Abstract PhenoPred is a web-based tool designed to detect novel gene-disease associations in humans.

It is based on known gene-disease associations, protein-protein interaction data, protein functional annotation at a molecular level and protein sequence data.

Machine learning principles are used to integrate heterogeneous data sources.

PhenoPred can be used to prioritize genes based on their likelihood to be associated with a given disease or to prioritize diseases for a given query gene.

PhenoPred is based on HUGO Gene Nomenclature for gene names and Disease Ontology (DO) for the names of diseases. DO is based on International Classification of Diseases (ICD-9) maintained by the World Health Organization (WHO).

PhenoPred method --

The PhenoPred method is supervised:

First, the manufacturer mapped each gene/protein onto the spaces of disease and functional terms based on the distance to all annotated proteins in the protein interaction network.

The manufacturer also encoded sequence, function, physicochemical, and predicted structural properties, such as secondary structure and flexibility.

The manufacturer then trained support vector machines (SVMs) to detect gene-disease associations for a number of terms in the Disease Ontology and provided evidence that --

Despite the noise/incompleteness of experimental data and unfinished ontology of diseases, identification of candidate genes can be successful even when a large number of candidate disease terms are predicted on simultaneously.

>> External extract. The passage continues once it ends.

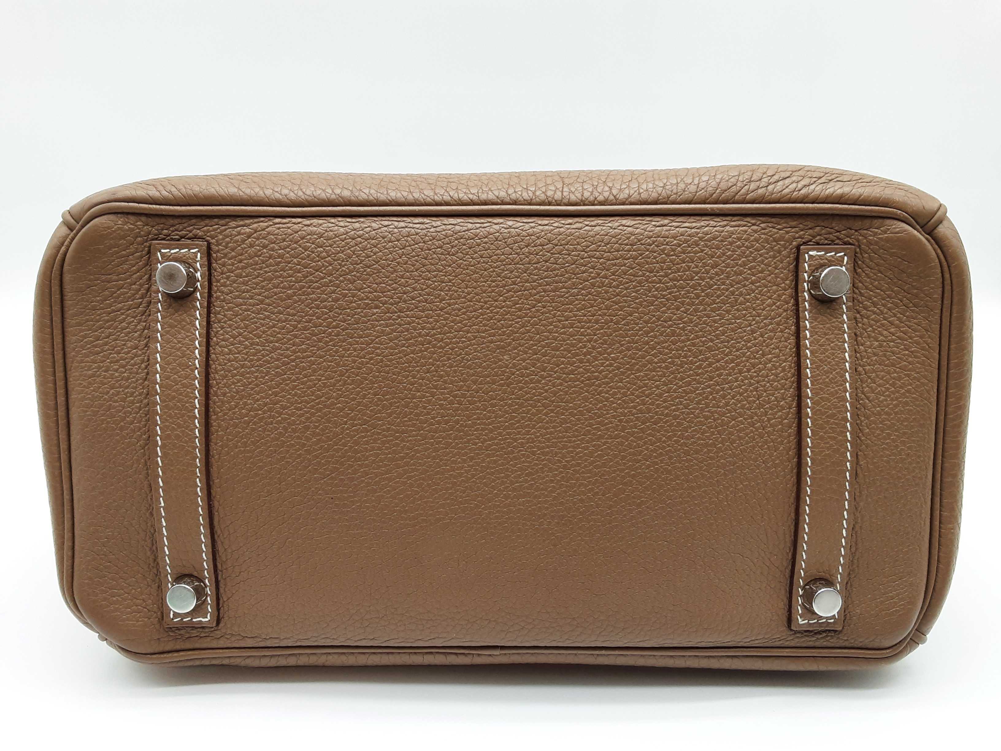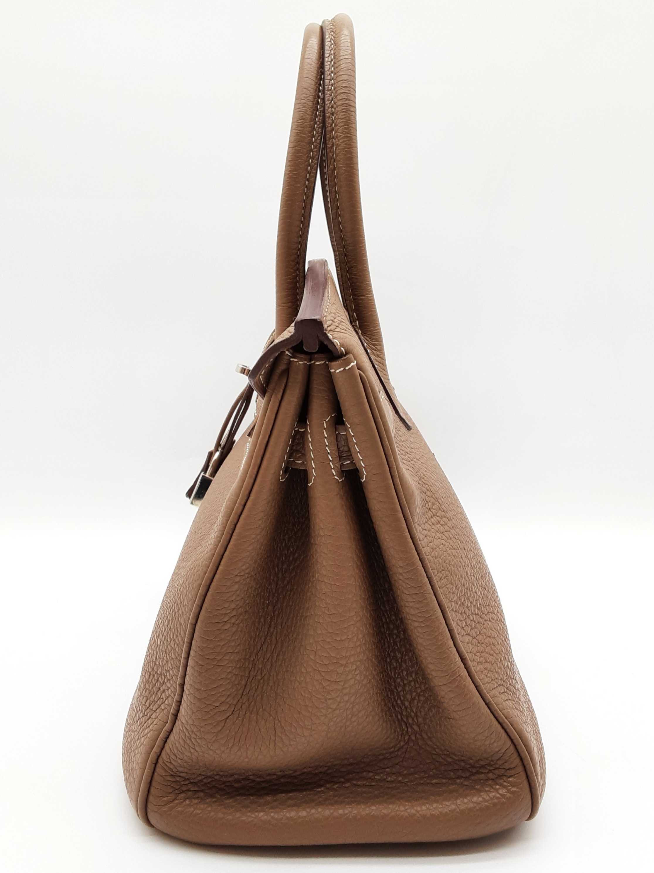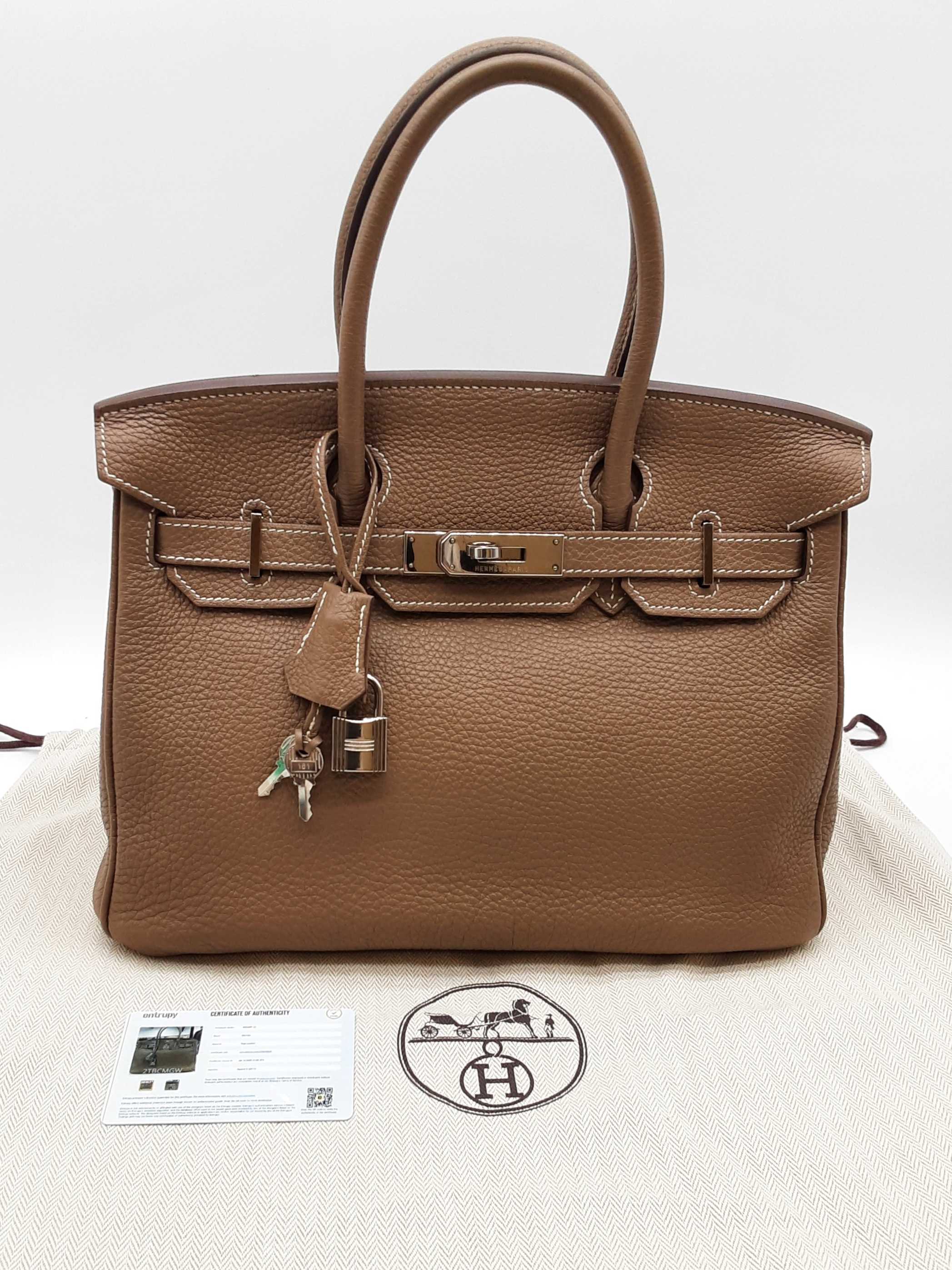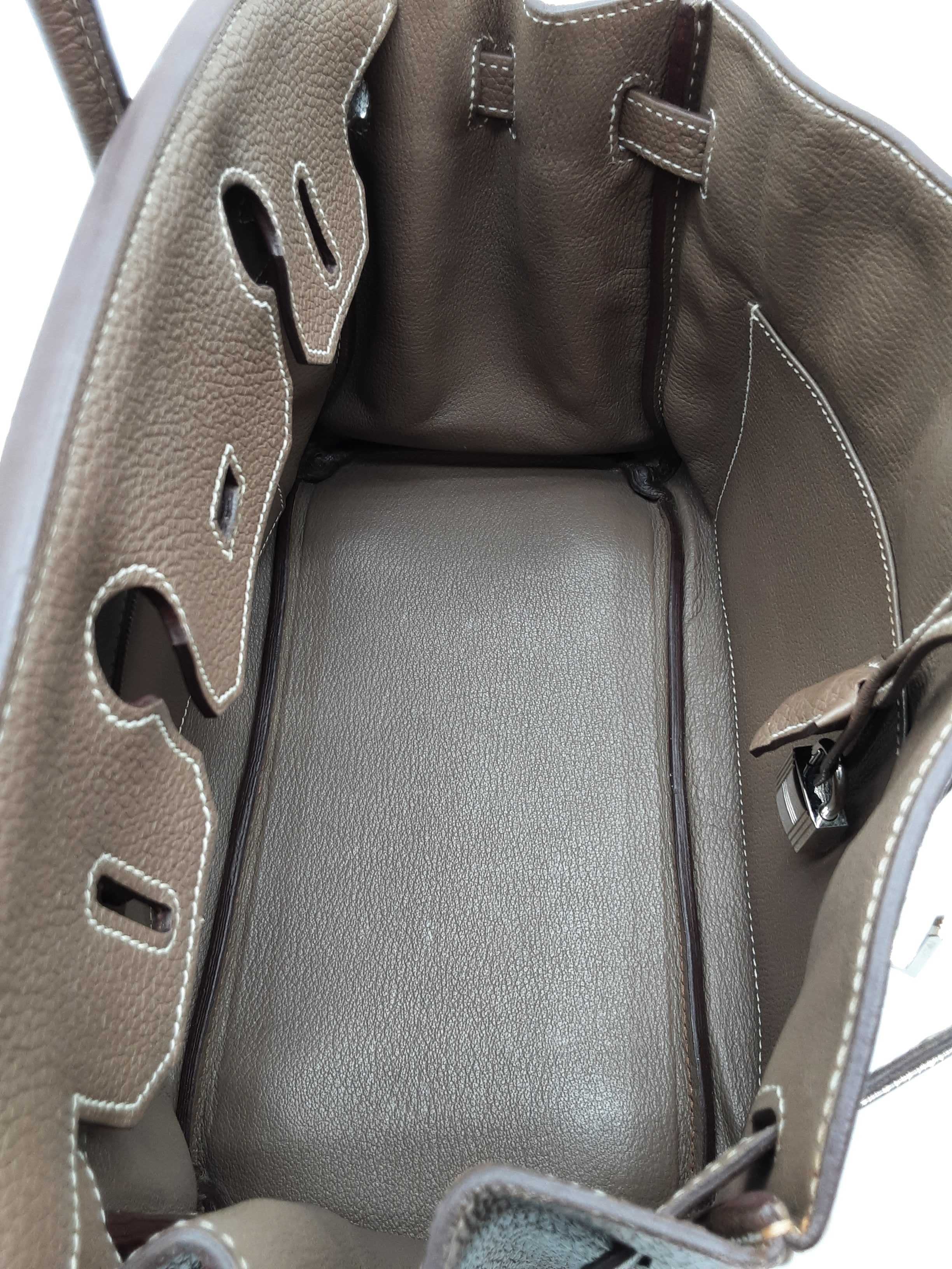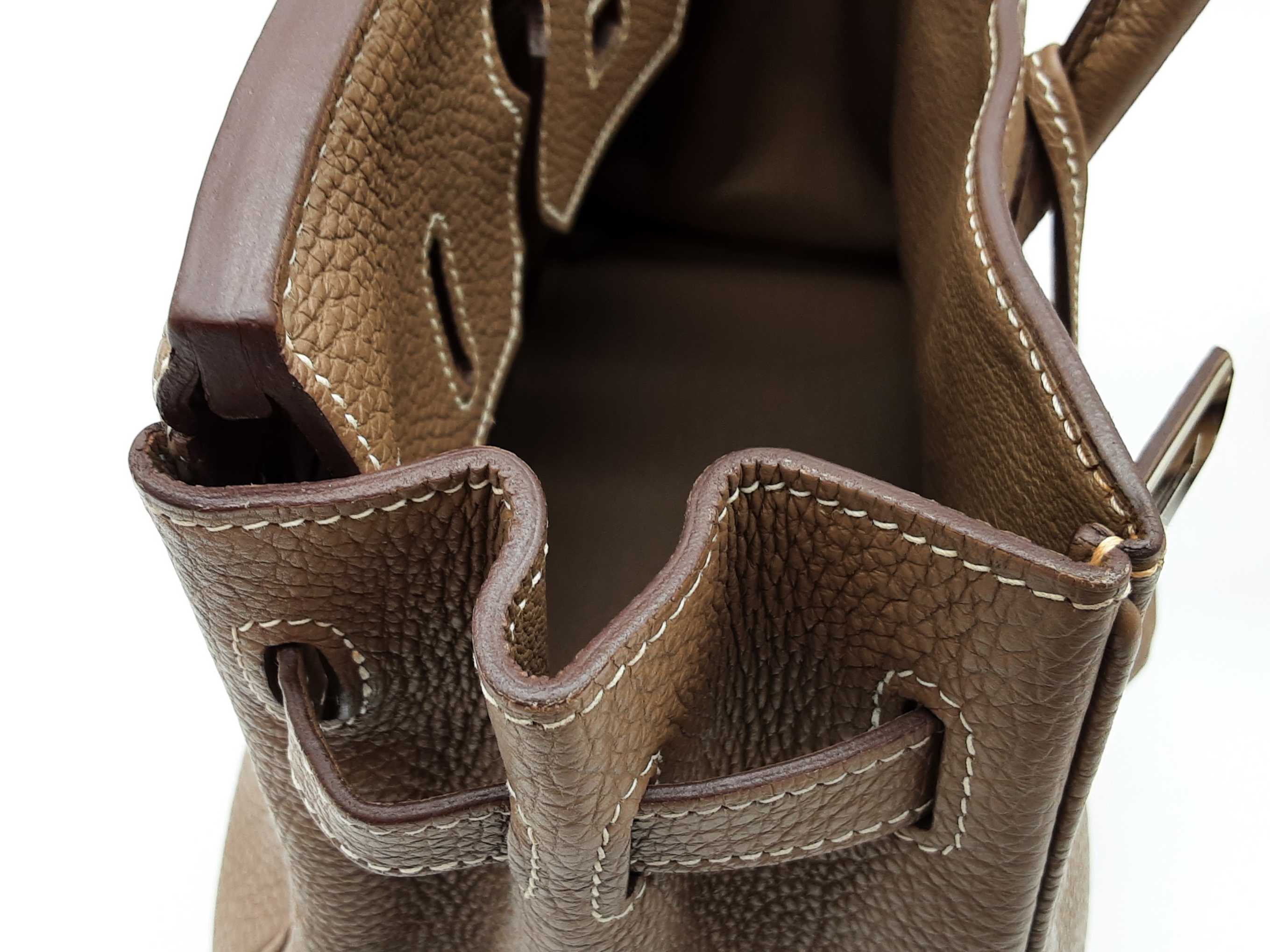 144020036352Hermes Birkin 30CM Etoupe Gray Togo Palladium Hardware Handbag. Length 12 IN X Height 8 IN X Width 6.5 IN X Drop 4 IN. Date Code Square O (2011). Great Pre-owned Condition with creases, scratches and wear on metal hardware, flap curved, indentations on interior bottom, and wear on corners, edges, and handles.

PhenoPred web site usage --

The PhenoPred web site provides two (2) basic services:

1) For a given Disease Ontology (DO) term, PhenoPred will rank genes that are most likely to be associated with this term; and

2) For a given gene it ranks DO terms that are most likely to be associated with a query gene.

PhenoPred works with 422 DO terms, which were selected using the following rules:

PhenoPred Datasets --

The Diseases and genes of known genetic involvement were extracted from the Online Mendelian Inheritance in Man (OMIM) database, Swiss- Prot, and the Human Protein Reference Database (HPRD).

The protein-protein interaction (PPI) interaction map was assembled by combining the physical interaction data from HPRD, the Online Predicted Human Interaction Database (OPHID) and studies by Rual et al. (2005) Towards a proteome-scale map of the human protein-protein interaction network, Nature, 437, 1173-1178 and Stezl et al. (2005) A human protein-protein interaction network: a resource for annotating the proteome, Cell, 122, 957-968.

Collected disease names and associated genes were manually integrated into the DO.

PhenoPred was developed as a collaborative effort between the Radivojac and the Mooney lab at Indiana University in order to facilitate identification of disease-associated genes and understanding molecular basis of disease.